Kombucha With A Side Of Fat Shaming 

What The Bu actually appears to support and donate to are organizations that engage in size-based oppression to the detriment of fat people.

What The Bu actually appears to support and donate to are organizations that engage in size-based oppression to the detriment of fat people.

Nora Haefele was downing a bottle of The Bu Kombucha when she saw it — the message on the bottle. 

“Health is our priority. The Bu supports and donates to organizations that fight obesity.” 

At that moment Nora realized that, as a fat woman, she had inadvertently funded the oppression of fat people with her drink purchase.

After some quick research, I learned that it’s not just on the bottles. The Bu proudly discusses their fatphobia on the front page of their website:

“Health is our priority. We, at The Bu Kombucha, are passionate about doing our part to curb the unhealthy American addiction to sugar. The Bu is a low sugar, low-calorie beverage alternative that is delicious to drink any time of day.  No one should have to choose between good health and good taste! Sugar-sweetened beverages significantly influence obesity rates. Obesity is a risk factor for the development of diabetes and heart disease. The American Cancer Society says obesity is 'clearly linked' with breast, prostate and several other cancers. The Bu supports and donates to organizations that fight obesity.”

Let’s break this down.

“Health is Our Priority”

No, it’s not. And I know that because if it was, then they wouldn’t be engaging in fat-shaming since studies show that the stress of stigma is linked to many of the same health issues to which being fat is linked. Not to mention that it’s difficult enough to wade through a complicated healthcare system without being made to believe that your body is simply not worthy of care because it is fat. And that belief is what fat-shaming from companies like The Bu creates. 

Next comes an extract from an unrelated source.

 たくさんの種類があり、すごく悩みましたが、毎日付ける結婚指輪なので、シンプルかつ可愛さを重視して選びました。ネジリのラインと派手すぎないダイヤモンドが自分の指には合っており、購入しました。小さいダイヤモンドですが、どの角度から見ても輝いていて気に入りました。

“We, at The Bu Kombucha, are passionate about doing our part to curb the unhealthy American addiction to sugar. The Bu is a low sugar, low-calorie beverage alternative that is delicious to drink any time of day.  No one should have to choose between good health and good taste!”

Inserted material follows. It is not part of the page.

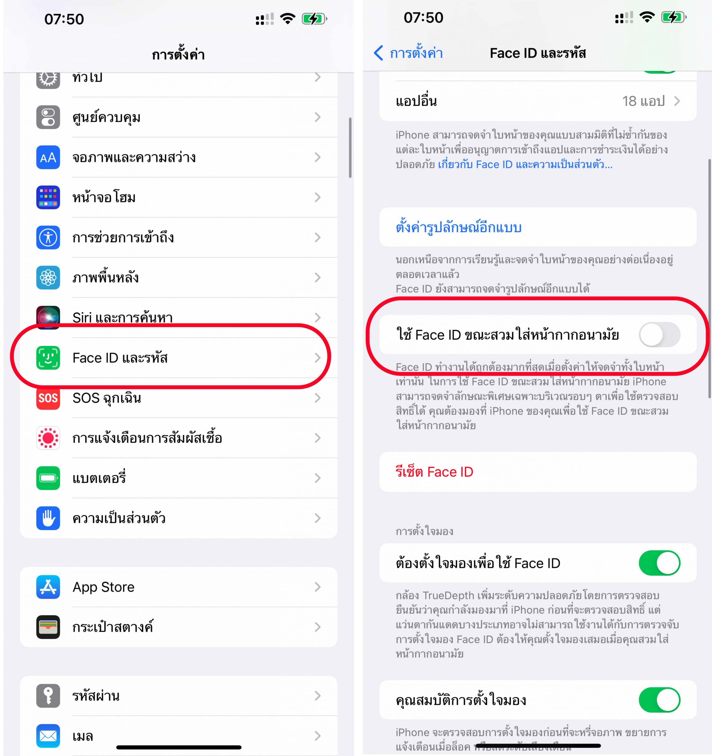 วิธีตั้งค่า ใช้ Face ID ขณะสวมใส่หน้ากากอนามัย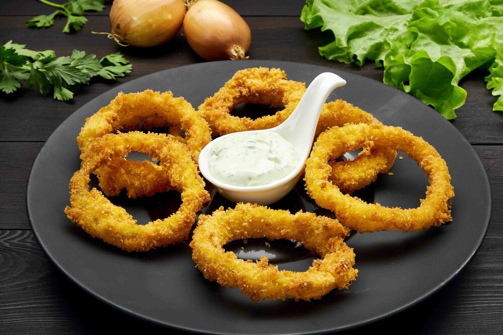 Луковые кольца в панировке, жаренные во фритюре, подаются с чесночным соусом

The concept of “sugar addiction” is questionable at best, so stating it as if it’s a factual thing is incredibly irresponsible. It’s almost as if this is about their marketing.

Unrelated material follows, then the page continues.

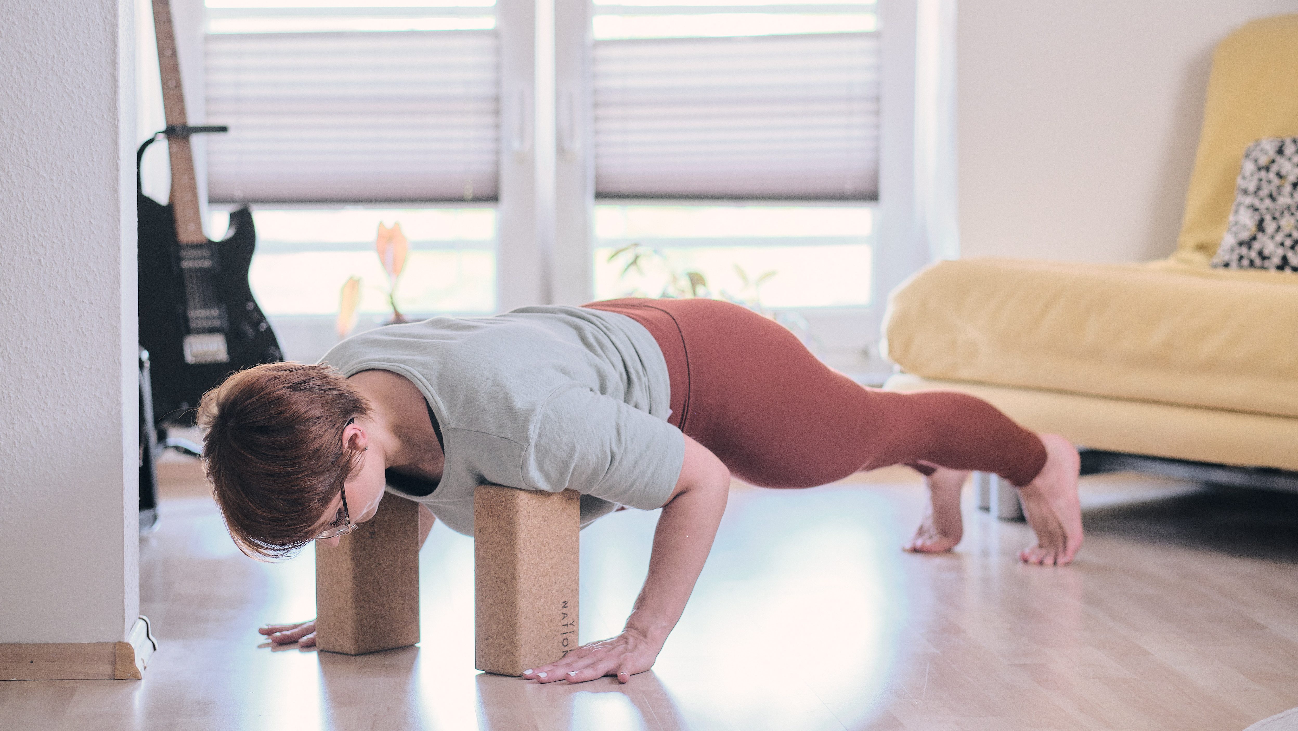 Und während der Einsatz von Blöcken häufig mit Anfänger:innen assoziiert wird, können sie ebenso gut genutzt werden, um Übungen zu vertiefen, indem sie den Boden weiter weg bringen (wenn du zum Beispiel auf den Blöcken stehst und dann versuchst, mit den Händen den Boden zu erreichen).

“Sugar-sweetened beverages significantly influence obesity rates.”

This actually isn’t proven, which is likely why they didn’t cite any source. 

“Obesity is a risk factor for the development of diabetes and heart disease. The American Cancer Society says obesity is “clearly linked” with breast, prostate and several other cancers.”

This is (purposely?) misleading for a number of reasons: 

The first factor is that they are talking about correlation and not causation. Not sure if the folks over at The Bu have a college freshmen understanding of how research works, but a “link” between two things, however “clear” (not a scientific term,) can never be used to prove that one thing causes the other.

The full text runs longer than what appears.